Playbook 6: Market Microstructure Bars
Goal: turn ticks into simple bars and compute spread/imbalance diagnostics.
CREATE OR REPLACE TEMP TABLE ticks AS
SELECT * FROM (VALUES
(TIMESTAMP '2026-01-01 09:30:00', 100.00, 10.0, 99.95, 100.05, 500.0, 600.0),
(TIMESTAMP '2026-01-01 09:30:01', 100.10, 20.0, 100.05, 100.15, 550.0, 450.0),
(TIMESTAMP '2026-01-01 09:30:02', 99.90, 30.0, 99.85, 99.95, 400.0, 700.0)

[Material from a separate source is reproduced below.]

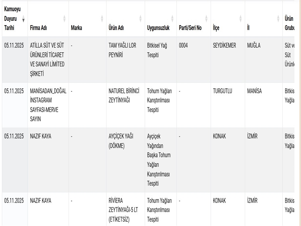 Listeye biri sağlığı tehlikeye düşürecek ürün olmak üzere toplam 18 yeni ürün daha eklendi. Listede zeytinyağı, ayçiçek yağı ve lor peyniri gibi ürünler yer aldı. Yapılan son testlerde, bazı markaların 'tam yağlı lor peyniri' ibaresiyle sattığı üründe bitkisel yağ olduğu belirlendi. Zeytinyağı ürünlerinde de taklit veya tağşiş tespiti yapıldı. Bitkisel karışım yağda ise gıdada kullanımına izin verilmeyen boya olduğu belirlendi.

) AS t(ts, price, volume, bid, ask, bid_size, ask_size);
SELECT
ts,
fin_mid(bid, ask) AS mid,
fin_spread_bps(bid, ask) AS spread_bps,
fin_order_imbalance(bid_size, ask_size) AS order_imbalance,
fin_microprice(bid, bid_size, ask, ask_size) AS microprice
FROM ticks
ORDER BY ts;
SELECT *
FROM fin_tick_bars('ticks', 'ts', 'price', 2);
Microstructure note: these helpers are designed for local validation and simple signal construction. For exchange-grade analysis, normalize timestamps, session filters, quote conditions, trade corrections, and venue-specific rules before calling the functions.